*Requirement*
Range to repeat from the listing below: the line containing "従来のネイル素材のシェルフレ" down to the line containing "We’ll cover star", both included. Copy it exactly, pictures excluded, and add nothing else.

*Records supplied*
↓
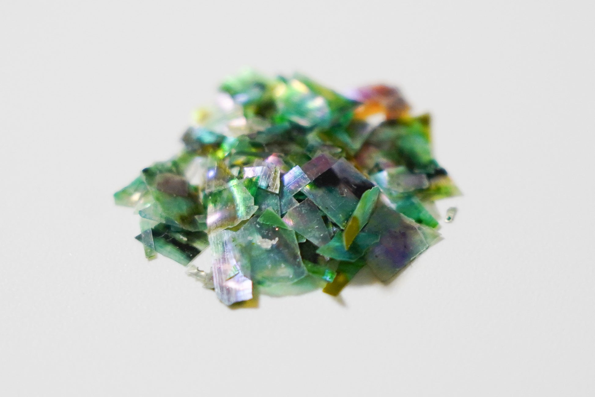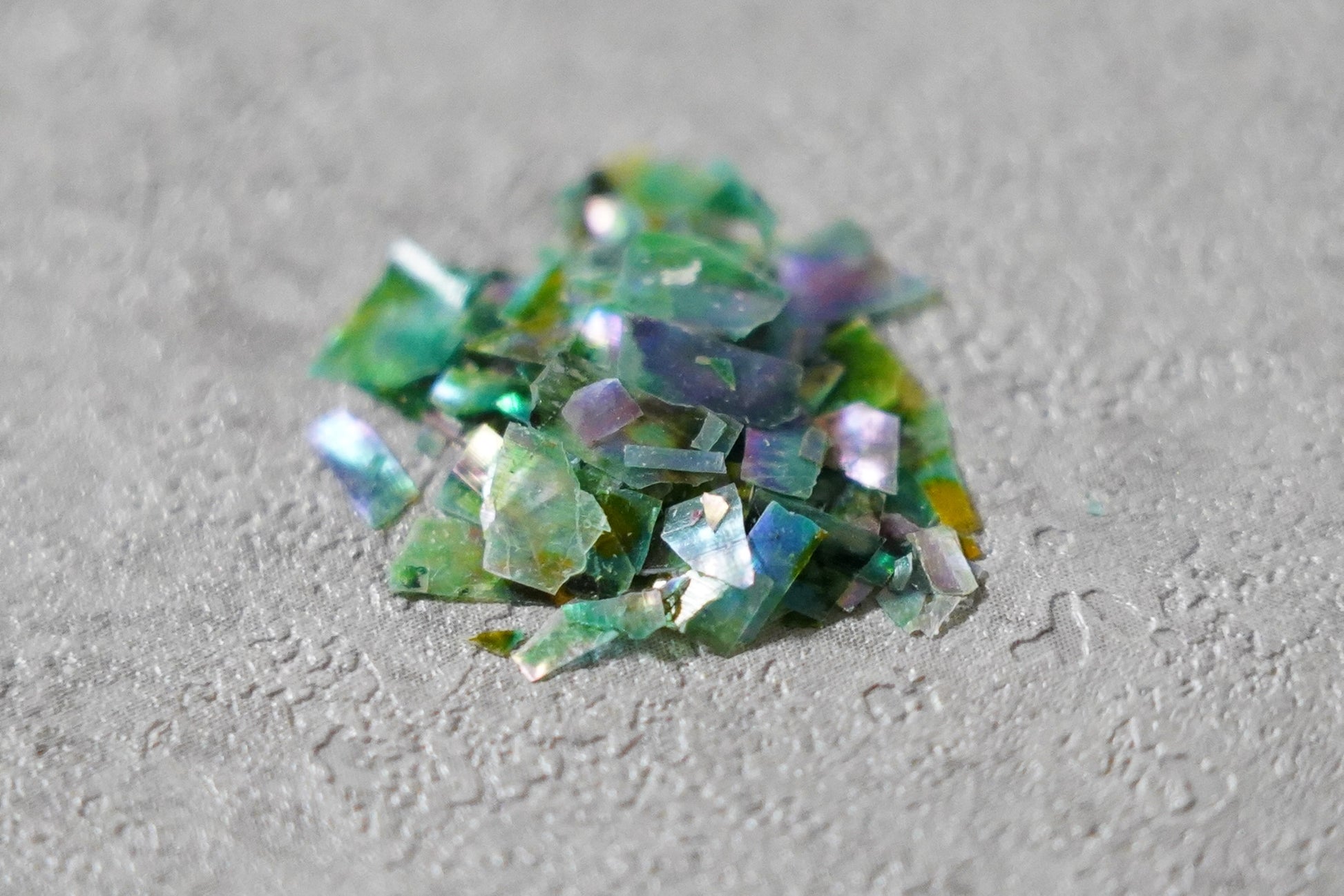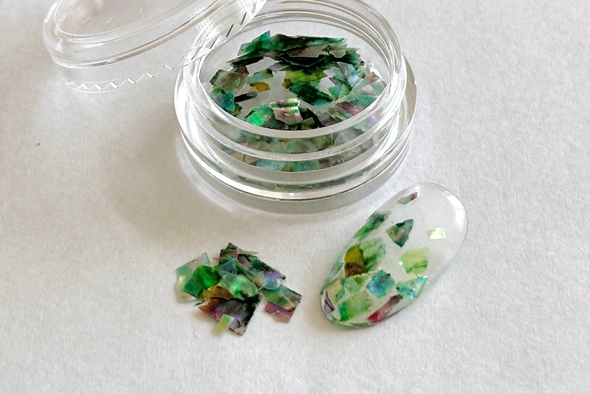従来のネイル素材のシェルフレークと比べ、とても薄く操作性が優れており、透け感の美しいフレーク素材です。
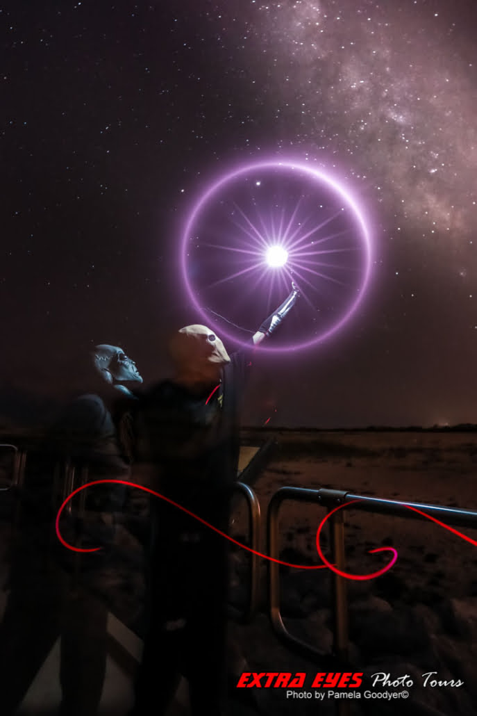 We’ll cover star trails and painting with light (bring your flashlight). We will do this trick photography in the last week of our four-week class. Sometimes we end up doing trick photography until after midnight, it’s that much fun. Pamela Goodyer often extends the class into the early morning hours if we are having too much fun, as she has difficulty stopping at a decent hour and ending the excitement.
↑
↓
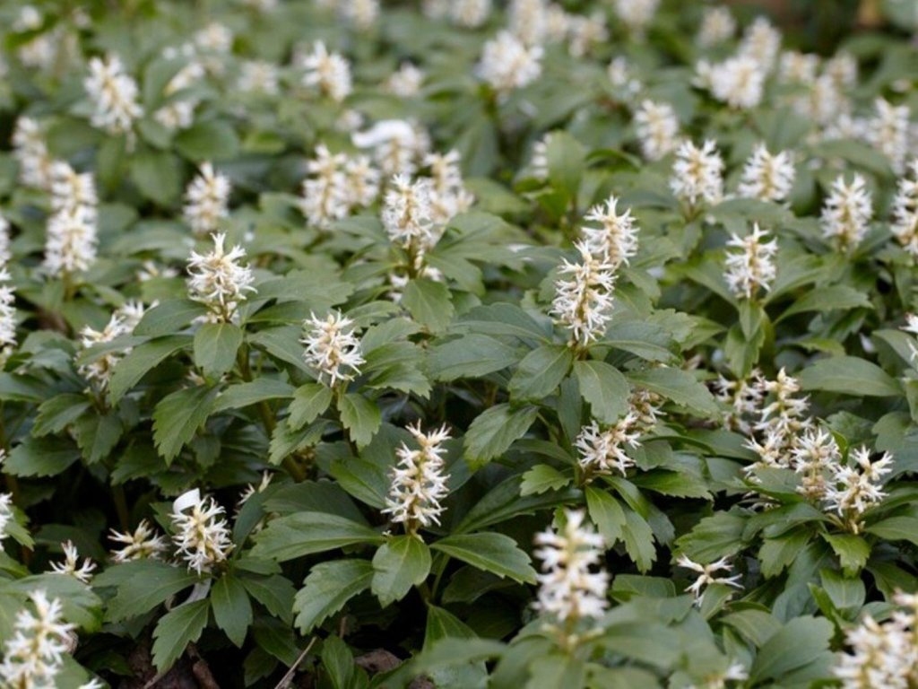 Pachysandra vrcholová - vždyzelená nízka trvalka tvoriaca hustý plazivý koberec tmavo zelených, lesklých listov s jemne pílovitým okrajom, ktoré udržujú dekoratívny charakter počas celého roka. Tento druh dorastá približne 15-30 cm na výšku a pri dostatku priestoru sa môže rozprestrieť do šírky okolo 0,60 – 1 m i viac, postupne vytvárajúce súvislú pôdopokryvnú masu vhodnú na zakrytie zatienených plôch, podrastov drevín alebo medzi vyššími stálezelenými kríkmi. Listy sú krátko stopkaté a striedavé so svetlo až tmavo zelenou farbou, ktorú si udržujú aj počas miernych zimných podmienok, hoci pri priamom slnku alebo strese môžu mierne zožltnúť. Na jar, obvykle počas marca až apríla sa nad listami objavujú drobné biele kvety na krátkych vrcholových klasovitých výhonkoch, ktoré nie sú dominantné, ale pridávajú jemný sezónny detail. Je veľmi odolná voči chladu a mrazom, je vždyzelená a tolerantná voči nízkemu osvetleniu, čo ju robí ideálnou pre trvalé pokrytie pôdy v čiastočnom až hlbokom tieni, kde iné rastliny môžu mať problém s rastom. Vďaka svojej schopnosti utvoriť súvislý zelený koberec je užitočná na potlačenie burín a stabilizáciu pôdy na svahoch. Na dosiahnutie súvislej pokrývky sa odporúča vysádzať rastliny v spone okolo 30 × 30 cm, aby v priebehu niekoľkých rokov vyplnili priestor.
↑
*Written solution*
従来のネイル素材のシェルフレークと比べ、とても薄く操作性が優れており、透け感の美しいフレーク素材です。
 We’ll cover star trails and painting with light (bring your flashlight). We will do this trick photography in the last week of our four-week class. Sometimes we end up doing trick photography until after midnight, it’s that much fun. Pamela Goodyer often extends the class into the early morning hours if we are having too much fun, as she has difficulty stopping at a decent hour and ending the excitement.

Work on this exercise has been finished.